• _EXERCISE PROMPT_
Beneath this task are the entries; from the line with "Accueil > Revue" through the last one, transcribe every line exactly and nothing else, skipping pictures.

-----

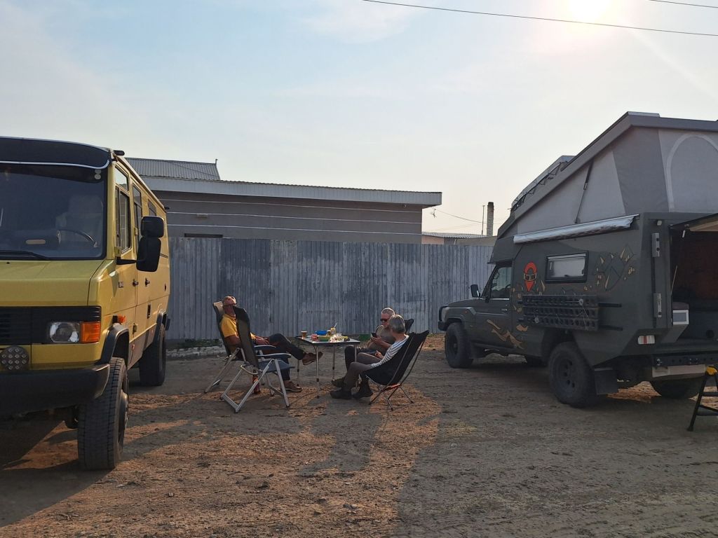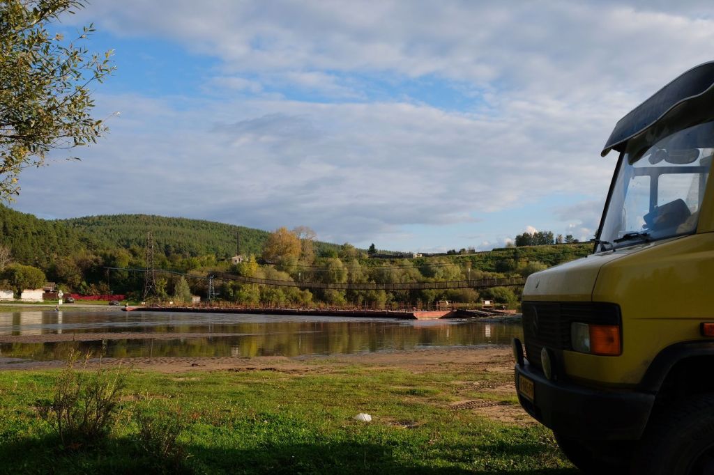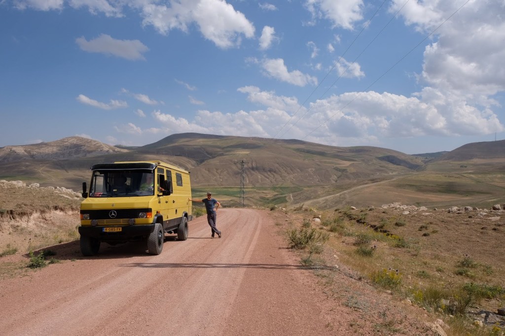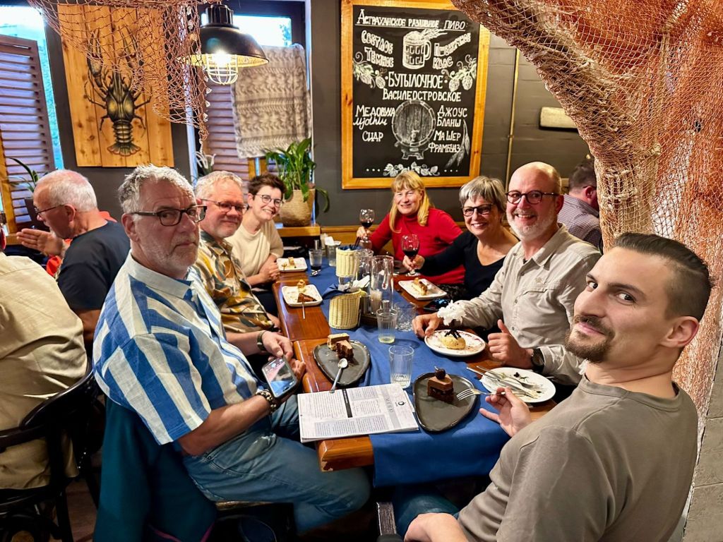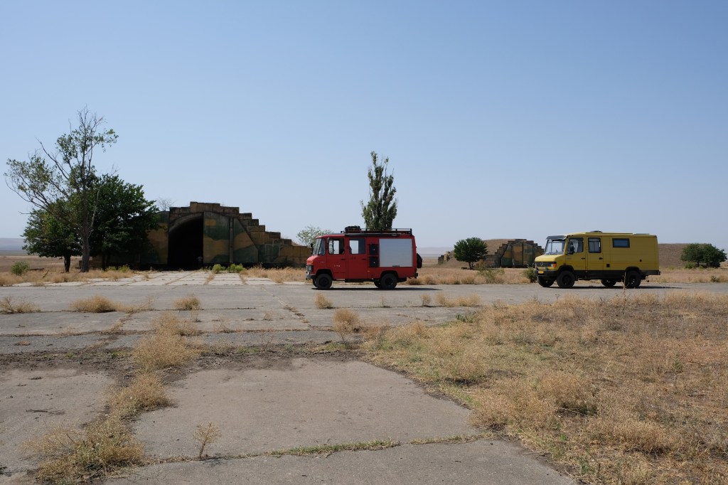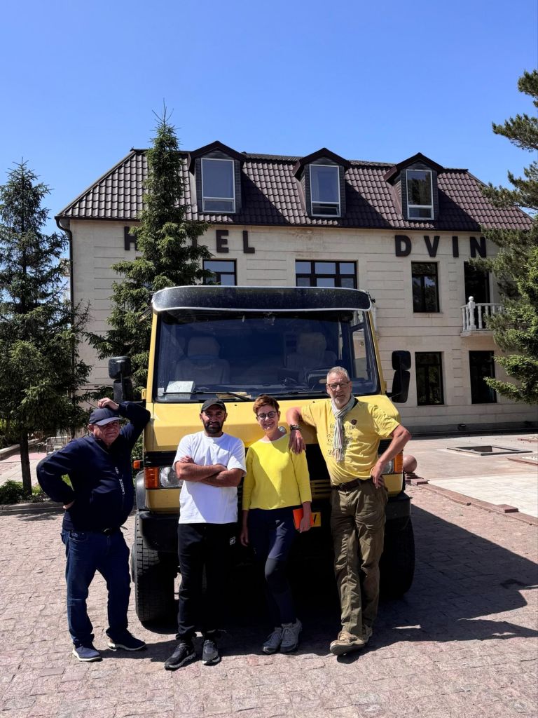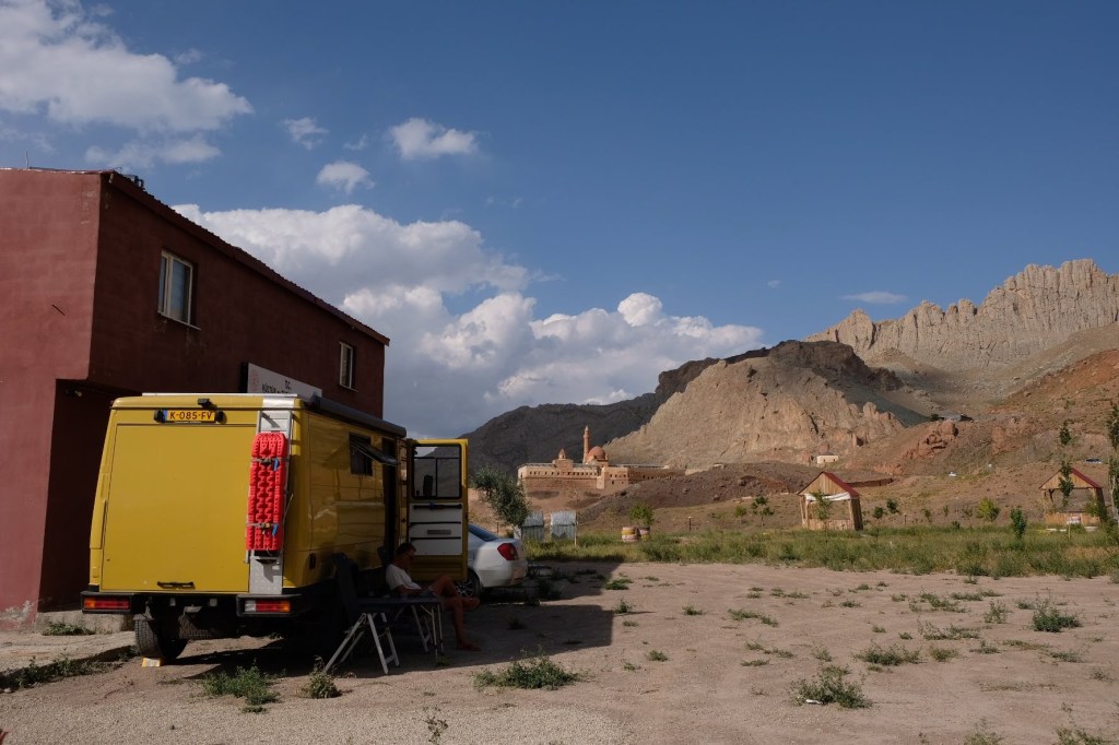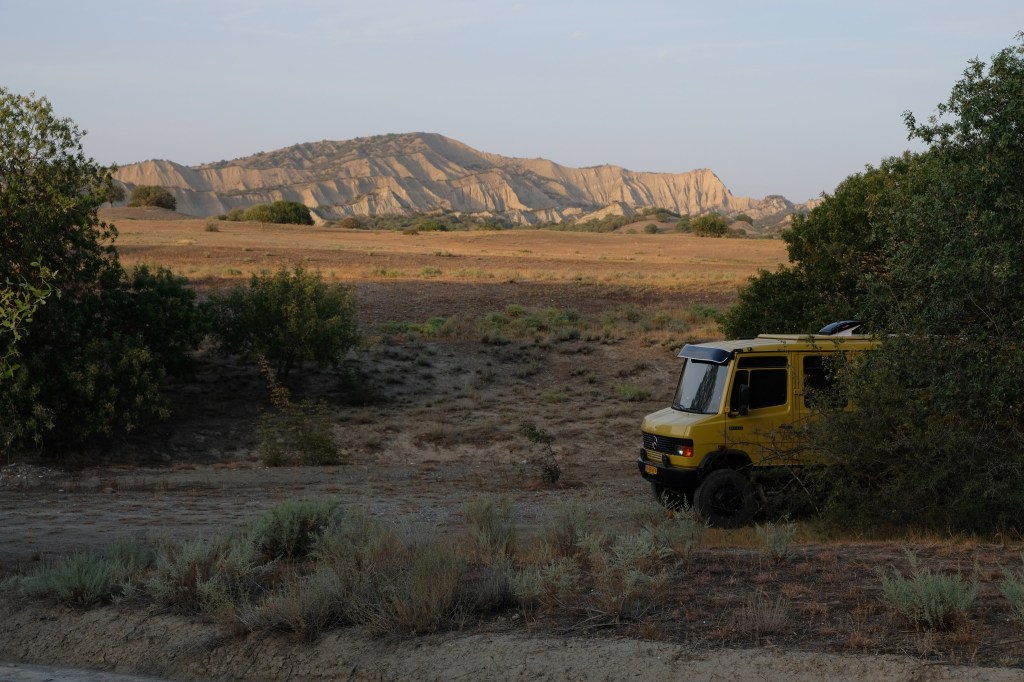 We zijn vlak bij de Russische grens, al maakt een enorme verkeersopstopping bij het verlaten van Atyrau dat het nog wat langer duurt eer we er zijn. Kazachen zijn vriendelijke mensen, tot ze in een auto stappen! Onderweg vinden we nog een mooie douche bij een tankstation en om 15.30 uur staan we aan de grens. En ongelofelijk, we zijn in 65 minuten klaar! We complimenteren de Russische beambten met hun efficiëntie, dat hebben we wel anders meegemaakt. Onze telefoon (e-sim) werkt helaas niet, waar die het op de heenweg nog wel deed in dit gebied. De GPS doet het gelukkig nog. Bij Krasny Jar gaan we weer met de veerpont over de Buzan rivier. De man vraagt nu maar liefst 10 Euro voor een paar minuten varen. Aan de overkant vinden we tussen de bomen een plekje om te overnachten. Het is zowaar warm. De volgende dag willen we een flink eind rijden om zo Astrahan voorbij te komen. Zoals ik al had verwacht gaat de GPS vlak voor de stad heel raar doen. In Google zie je dan ineens dat je op een hele andere plek bent en niet op de weg. Dit doen de Russen uiteraard om eventuele vijandige drones om de tuin te leiden. Het Nederlandse reisadvies voor dit gebied is dan ook rood. Gelukkig had ik het voorbereid en kan ik met een offline kaart langs een goed te volgen rondweg door de stad navigeren. Toch wel spannend. Ook als we de stad gepasseerd zijn blijft de GPS nog lange tijd van slag. We passeren checkpoints als we de autonome republieken Kalmukkië en Dagestan inrijden. Rusland kent 21 autonome republieken en die hebben zo hun eigen zelfbestuur, waaronder vaak een eigen grondwet, regering en parlement. Als je dus zo’n grens overgaat, wordt je gecontroleerd. Bij Sulevkent parkeren we op een stukje oude weg, de andere plekjes ijn veel te nat en modderig. Politieagenten zwaaien vriendelijk en er passeren onverwacht veel auto’s. Niemand valt ons lastig, hoewel……als het donker is horen we twee auto’s aankomen en mannen discussiëren. Dan wordt er op de deur geklopt. De rest kijkt toe, terwijl een van de mannen in het Russisch met me begint te praten. Dat versta ik natuurlijk niet, dus ik draai m’n standaardpraatje af: sorry, ik spreek weinig Russisch, we zijn toeristen uit Nederland op bezoek in Dagestan. Binnen no-time verexcuseren ze zich, z’n vriend legt een hand op z’n hart en ze vertrekken. Die dachten waarschijnlijk, wat doet die gele vrachtwagen hier? toch even checken. Verschillende overlanders zijn naar Sulak Canyon geweest en dat willen wij ook wel zien. Het is heerlijk weer en we zien verschillende kraampjes met druiven onderweg. Joost koopt een flinke zak bij een jonge dame, lekker. We starten het rondje bij het Chirkey Stuwmeer. Mooi uitzicht met de besneeuwde toppen van de Kaukasus op de achtergrond. We rijden door naar Dubki waar we naar een uitzichtpunt wandelen. Het is zowaar een toeristische hotspot met veel nationale toeristen. Het uitzicht over de canyon is prachtig en we zien diverse speedboten rondvaarten maken in de diepte. We belsuiten door te rijden naar een visrestaurant waar je ook kunt overnachten. Op de weg er naar toe lijkt er een omleiding te zijn en worden we tegengehouden door wat mannen. Geen idee waarom, maar het is niet zo prettig. We negeren ze en draaien om. Het is zowaar 25 graden en we nemen plaats op het prachtige terras van het restaurant. Buiten zijn een aantal visbassins dus de vis zal wel vers zijn! We eten inderdaad heerlijk. Na wat overleg mogen we inderdaad op het terrein staan. Joost loopt nog even naar de drukke, kermisachtige boulevard aan de rivier. Gelukkig hebben we daar ’s nachts geen last van.
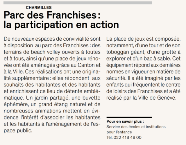 Accueil > Revue de presse > Vivre à Genève > Parc des Franchises : la participation en action
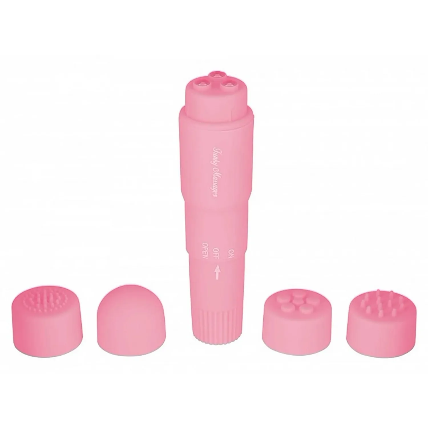 Funky Massager Roz este un stimulator distractiv, compact, intr-o alură vie. Design-ul este discret, viguros si face concubinul sublim pentru calatorii. Pentru frecție versatil vine cu 4 capace interschimbabile cu textura diferita si este conceput de o excepție ABS. Rezistent la apa.
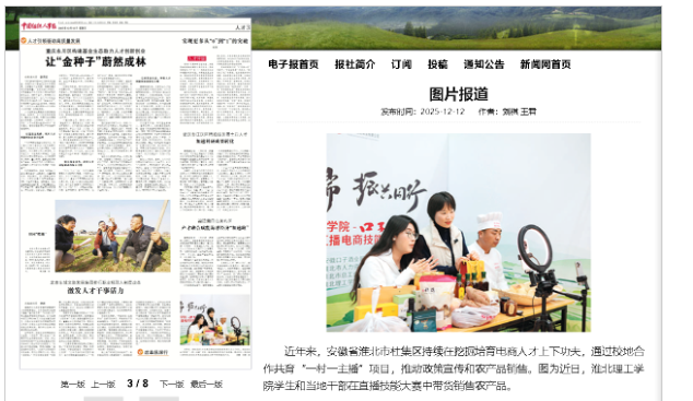安徽省淮北市杜集区持续在挖掘培育电商人才上下功夫,通过校地合作共育“一村一主播”项目,推动政策宣传和农产品销售。图为近日,淮北437必赢会员中心学生和当地干部在直播技能大赛中带货销售农产品。对此,中国组织人事报进行了报道。
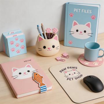 扁平风与轻拟物结合,萌趣猫主题文具套装,手账风设计,粉色系点缀,营造温馨可爱氛围。

-----

• _RESPONSE AREA_
 Accueil > Revue de presse > Vivre à Genève > Parc des Franchises : la participation en action
 Funky Massager Roz este un stimulator distractiv, compact, intr-o alură vie. Design-ul este discret, viguros si face concubinul sublim pentru calatorii. Pentru frecție versatil vine cu 4 capace interschimbabile cu textura diferita si este conceput de o excepție ABS. Rezistent la apa.
安徽省淮北市杜集区持续在挖掘培育电商人才上下功夫,通过校地合作共育“一村一主播”项目,推动政策宣传和农产品销售。图为近日,淮北437必赢会员中心学生和当地干部在直播技能大赛中带货销售农产品。对此,中国组织人事报进行了报道。
 扁平风与轻拟物结合,萌趣猫主题文具套装,手账风设计,粉色系点缀,营造温馨可爱氛围。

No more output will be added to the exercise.